Three years ago I was diagnosed with schizophrenia and psychosis. Since then I managed to graduate, thanks to a very understanding lecturer at Cardiff Metropolitan University. However during this time I had to move to my grandmother's house. She is getting on in years now, and in more ways than one, I find myself having to put things that I want to do aside so that I can tend to her needs. I was hoping that I would be able to have some sort of career and maybe (maybe) get on in life and better myself and my situation in the world. However it's a struggle just to get through the day at the moment. My grandmother, who has arthritis, which hinders her ability to do physical tasks, I suspect, is in the early stages of dementia due to a consistently forgetful demeanour and having made certain noises which I know to be consistent with dementia, as well as a family history of the condition. This makes day to day living very difficult. My life has no structure whatsoever and I grab sleep when I can. Throughout the day I am asked to perform all range of tasks for which no thanks is given, and when any protest is made, I am told that I wouldn't be doing anything else, which makes me feel pretty worthless. I guess I should be grateful that I have somewhere to live.

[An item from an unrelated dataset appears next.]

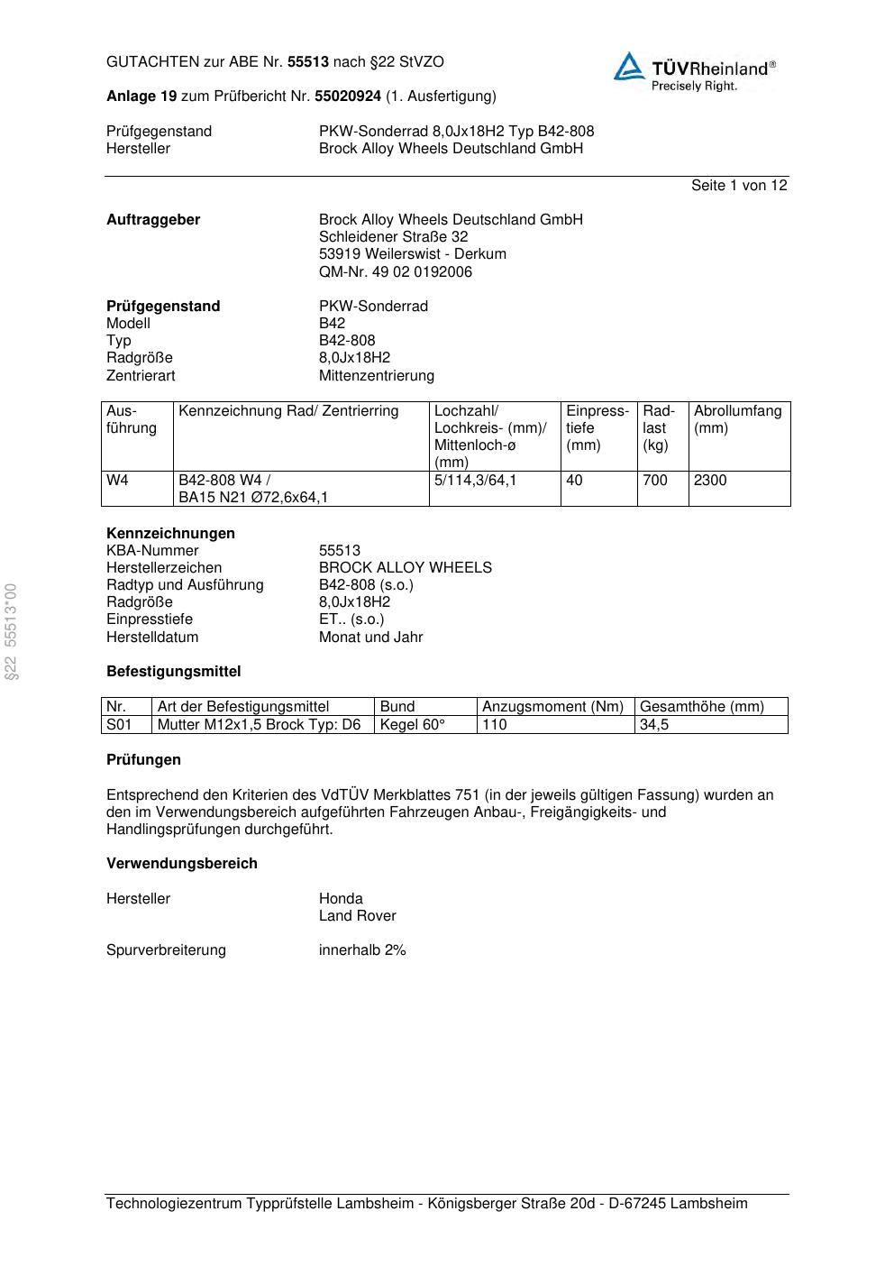 Dieses Gutachten (abe) bezieht sich auf die Alufelge Brock B42-808 in der Ausführung 8Jx18 ET 0, Mittenloch 0 mm (KBA 55513). Im PDF findest du typischerweise zulässige Reifengrößen, Auflagen/Anbauhinweise und – je nach Dokument – Hinweise zur Eintragung.

I feel like a burden on my grandmother and she has said before that she doesn't want to hold me back, which makes me feel like everything is my fault. Nothing I ever do ever feels good enough and I am so terrified of doing something wrong, and like the butterfly effect, this having drastic consequences. I have some support from caregivers for my condition, and part of me wonders whether I am just exaggerating my grandmothers illnesses to justify doing nothing. Yet there are so many things to do that as soon as I start one thing I get distracted by something else. I have so many ideas that I end up negating my own ideas just so I can reduce the number of things that I want to do and make the amount of things I want to do more manageable. And yet at the same time that I'm doing this, I am being told to do other things which don't really mean that much to me and are not really what I want to do. I feel like I am being taken advantage of. For example on numerous occasions people (friends) have asked me to work for them for free even though they get paid for the same job, so it just means they don't have to do as much for their wage. As well as this, I feel like I am somehow that worthless that I should have to beg for the ability to serve someone else's goals, like it is supposed to be a privilege to be walked over. In fact I gave someone a number of hundreds of pounds on loan, in the knowledge that I would be paid back in a month, which was six months ago and I feel like I am not entitled to have it back because I should be grateful that that person associates with me.
A few years ago I tried to kill myself and was taking drugs at the time, so I feel like I don't really deserve to live, since at one point I hoped to leave this life and made a big mistake in experimenting with drugs. I feel like I have screwed up my brain chemistry and when I cant argue back when people insult or belittle me, I feel like this is why. I feel like I blame my problems on other people rather than myself, which makes me feel irresponsible and a bad person. I want to get on in life and be a good person, but I don't see how when, if I am a good person, and I am unhappy, then would it be better to be a bad person and be happy? and then I start to wonder what makes a good person. who defines it? when I look around me at the people in my life, I feel bitterness and resentment, and then I judge myself for being bitter. I don't want to be like my nan and be living with someone who usually hates themselves. But then I have been here for so long, and this place has been so instrumental in my so-called "recovery", that I don't even know how I could survive anywhere else. And when I think of making some drastic change, everyone I know tells me to stay where I am and do nothing, maybe get a job (in fact people keep telling me to get a job, though I think I would do more harm than good in one, and I think anyone would be better than me at pretty much anything), so there's constantly this negative feedback telling me not to do things.
I dream of moving out, getting a job doing something I enjoy, or maybe working for myself so I don't have to be around people. I feel like unless I do something, the years are just going to pass by and I will wonder where my life went. So everyday there is this desperation boiling under the surface and it requires lots of self-control just to avoid saying something which will upset someone which will make my life infinitely harder, result in a re-admission to a mental health ward (since any time I act differently, people see that as me being psychotic, so I can't show enthusiasm for anything), and send me reeling ten steps back to where I came from.